The default output policy is sanitize-and-pass. The secrets scanner runs over every outbound text and returns a redacted copy alongside findings:

```go theme={null}
guard := lookout.OutputGuard(j)
redacted, err := guard(ctx, llmOutput)
// redacted may differ from llmOutput; err is non-nil only on journal emit failure
```

Why sanitize instead of block? Losing an entire response because one `sk-xxxx` slipped through is too disruptive; redaction preserves the response while surfacing the finding in the journal. Callers that want hard-block semantics should re-scan the returned text and refuse downstream.

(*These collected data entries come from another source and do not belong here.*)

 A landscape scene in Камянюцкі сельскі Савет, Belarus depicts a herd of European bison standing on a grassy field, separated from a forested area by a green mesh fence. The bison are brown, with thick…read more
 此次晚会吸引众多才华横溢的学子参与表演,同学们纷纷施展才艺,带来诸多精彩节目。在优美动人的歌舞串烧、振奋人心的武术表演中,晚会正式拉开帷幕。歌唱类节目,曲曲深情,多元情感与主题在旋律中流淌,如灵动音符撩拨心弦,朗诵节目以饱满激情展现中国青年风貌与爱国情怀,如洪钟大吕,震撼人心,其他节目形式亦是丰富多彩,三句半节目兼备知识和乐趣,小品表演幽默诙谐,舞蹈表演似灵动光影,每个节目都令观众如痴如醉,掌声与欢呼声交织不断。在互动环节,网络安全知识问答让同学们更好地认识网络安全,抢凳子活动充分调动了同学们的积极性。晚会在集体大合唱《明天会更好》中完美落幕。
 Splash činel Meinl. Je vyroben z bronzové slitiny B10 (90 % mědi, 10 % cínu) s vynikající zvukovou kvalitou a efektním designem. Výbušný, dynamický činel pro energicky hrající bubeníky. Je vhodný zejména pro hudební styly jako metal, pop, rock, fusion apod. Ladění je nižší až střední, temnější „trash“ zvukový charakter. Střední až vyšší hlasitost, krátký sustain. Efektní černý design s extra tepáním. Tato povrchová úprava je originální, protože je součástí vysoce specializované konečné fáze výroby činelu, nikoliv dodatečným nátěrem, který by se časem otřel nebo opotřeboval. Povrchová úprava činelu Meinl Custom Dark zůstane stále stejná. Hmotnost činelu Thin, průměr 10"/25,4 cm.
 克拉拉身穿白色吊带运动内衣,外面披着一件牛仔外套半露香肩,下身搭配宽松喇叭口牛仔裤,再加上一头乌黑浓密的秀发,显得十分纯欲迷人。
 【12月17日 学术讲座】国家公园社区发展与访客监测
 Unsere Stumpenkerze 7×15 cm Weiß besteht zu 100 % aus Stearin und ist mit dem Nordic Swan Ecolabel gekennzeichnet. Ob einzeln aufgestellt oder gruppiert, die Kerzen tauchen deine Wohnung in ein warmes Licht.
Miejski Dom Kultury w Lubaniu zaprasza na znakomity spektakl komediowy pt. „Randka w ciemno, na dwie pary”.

Note: the output guard is NOT wired into `llm.Middleware`. Scanning output there would mutate text while leaving the provider-reported token counts intact -- a desync. Output scanning lives in the orchestrator streaming pipeline where text mutations are visible to the agent loop.

## Secrets detectors

Defined in `secrets.go`:

| Kind                  | Pattern                                                           |
| --------------------- | ----------------------------------------------------------------- |
| `secret_openai`       | `sk-[A-Za-z0-9]{32,}` / project-scoped `sk-proj-...`              |
| `secret_anthropic`    | `sk-ant-api03-...`                                                |
| `secret_aws`          | AKIA / ASIA IDs + 40-char secret pairs                            |
| `secret_github_pat`   | GitHub PAT — `ghp_`, `github_pat_`, or a legacy 40-char hex token |
| `secret_github_oauth` | GitHub OAuth token — `gho_`                                       |
| `secret_github_app`   | GitHub App installation token — `ghs_`                            |
| `secret_bearer_token` | `Bearer <long-b64>`                                               |
| `secret_password`     | `password=...`, `PASSWORD: ...` in env-var-shaped strings         |
| `secret_api_key`      | Generic `api_key=...`, `X-API-Key: ...`                           |

The stored finding carries `kind` and a redacted `detail` like `"openai API key (prefix: sk-...)"`. The raw match is never emitted.

## Tool-arg schema validation

`lookout.ValidateArgs(schemaJSON, args)` runs draft-07 JSON Schema over a tool call's arguments. Use it before dispatching:

```go theme={null}
if err := lookout.ValidateArgs(mySchema, toolArgs); err != nil {
    // Block the tool call; err describes which field didn't satisfy the schema.
}
```

`ValidateArgs` returns `error` (nil on pass). Unknown-key and type mismatches
produce a non-nil error with a message pointing at the offending path. Empty
schema = pass.

## Adding a detector

Add a new `Kind` constant in `types.go`, a regex/detector function in the relevant layer file (`injection.go`, `secrets.go`, `output.go`), and register it in the scanner's internal rule list. Tests in `lookout_test.go` use table-driven cases -- add one for every new kind.

Guidelines:

* Detectors must be pure (no network, no state). The one exception, Lakera, is gated behind an explicit `WithLakeraAPIKey` option.
* Never put the raw matched value in the `Finding.Matched` field for a secret detector. Use a prefix or a kind string.
* Severity should reflect operational risk, not "how confident the regex is". A false-positive `secret_anthropic` at `warn` is fine; one at `critical` would flood oncall.

## Gotchas

<Warning>
  **Output guard is not in the LLM middleware.** If you add a new streaming consumer, wire `OutputGuard` yourself or secrets may flow through to clients unredacted.
</Warning>

<Accordion title="More edge cases">
  * **Scope is required.** `emitGuardEntry` silently no-ops if `lookout.ScopeFromContext(ctx)` returns zero. Always wrap your request context with `lookout.WithScope(ctx, scope)` before invoking the guards -- the HTTP handler chain does this for you.
  * **Sanitize verdict** is not a block. The returned text is the safe version; the `err` is non-nil only if the journal emit fell over.
</Accordion>

## Related

* [LLM middleware](/guides/llm-middleware) -- where `InputGuard` is composed.
* [Harbormaster](/guides/harbormaster) -- complementary: approvals gate the *action*, Lookout sanitises the *content*.
* [Crew Journal](/guides/crew-journal) -- `guardrail.input_blocked` / `guardrail.output_blocked`.